The former Michigan Wolverine, Quick is still developing. Playing for Norfolk for a third season, the playmaking defenseman will be looking to refine his game. Quick is scoreless in four games so far this season. Jackson is a physical defenseman who is in his second season in the Lightning system. A draft pick of the Blues, the former Seattle Thunderbird is playing his second professional season. Jackson is the defenseman who is coming along the slowest of the three. He is trying to stay in the line-up in Norfolk.
Players that are also in the system are Mark Barberio, Kirill Gotovets, Luke Witkowski, and Michal Sersen. Barberio, a 2008 sixth-round pick, is still playing in the QMJHL with Moncton. An offensive defenseman, he has amassed good point totals in his three full seasons with the Wildcats. This season, the Montreal native has 10 points in 13 games. Drafted in the final round of 2009, the Belarusian, Gotovets is playing for Cornell University this season. He is an offensive defenseman who will work on his physical play here in North America. Witkowski, a 2008 draft pick is a freshman with the Broncos of Western Michigan. Sersen, who was acquired in a trade with Pittsburgh, was an offensive juggernaut in 2006 for the Quebec Ramparts. However, injuries and a lack of defensive play have hurt the Slovakian. Sersen has played the last three years in his native country.
Karri Ramo has a fair amount of experience with the Lightning. Ramo’s experience last season was skewed by the poor defense the team fielded at the end of the season. In 24 games last season, the Finn only had four wins.
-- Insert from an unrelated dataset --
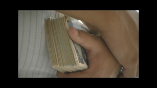 前記作品『30万円分の番号を控えた1000円札をお客さん…
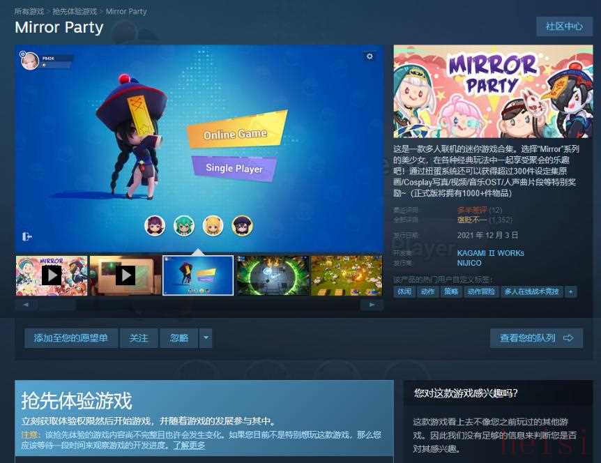 之后,官方还重点强调“破圈的知名度带来了大麻烦,我们持续收到有关部门的警告,不断有匿名举报称我们违法经营”。有没有可能,你们的上一代产品就早早破圈了?没错,就是顶着这样的“巨大压力”,在2018年发售的《Mirror》不仅运营到了2022年才锁区(是的,都这样了他们都没下架),甚至在此期间,还陆续发售了3个DLC,以及2款IP衍生游戏,顺带提一句,其中2021年发售的《Mirror Party》仍然还处于EA状态。

A restricted free agent, the Lightning have retained his rights as he plays for Omsk in the KHL. In 14 games there, he is 8-6-1 with a 2.13 GAA and a save percentage of .897. Ramo signed a two-year deal with Omsk, so he probably will not return until at least 2011-12.
Norfolk is using three goalies at this time with Tokarski, Janus, and Helenius all getting playing time. Tokarski, a fifth round pick in 2008, is the favored netminder. A former Spokane Chief, he was great the past two seasons with 30 wins or more and having a goals against average that was hovering around two. A World Junior Championship veteran, he is the goalie that has made the most starts for the Admirals this season. In four starts, Tokarski is 2-2 with 2.27 GAA and a shutout.
Janus could have returned to the OHL with Erie, but the Lightning had other ideas. The aggressive Slovakian shined in the 2009 World Junior Championships leading his country to upsets of Finland and the United States. A 2009 sixth-round pick, Janus has started one game for Norfolk, giving up two goals in a loss.
The former first-round pick in 2006, Helenius needs to assert himself. He had a good campaign for Seattle in the WHL in 2007-08. Last season, the Finnish native bounced around from Tampa to Norfolk to Augusta to Elmira to Mississippi. A butterfly goalie who has stickhandling that is lacking, he has played in one game for Norfolk this season with one loss and two goals allowed. He could see time in the ECHL again this year, but it’s unclear where, as the Lightning no longer have an ECHL affiliate.
Michael Zador is a good distance away from the pros right now. A backup on both Oshawa and London in his career, the Toronto native was drafted in the fifth round of 2009 because of his fine play in the Under 18 World Championships. An inconsistent goalie so far, Zador is splitting time in Oshawa this season with Keven Bailie (2010-eligible). The better goalie on the team, Zador is 6-1-1 with a 2.98 GAA and .903 save percentage.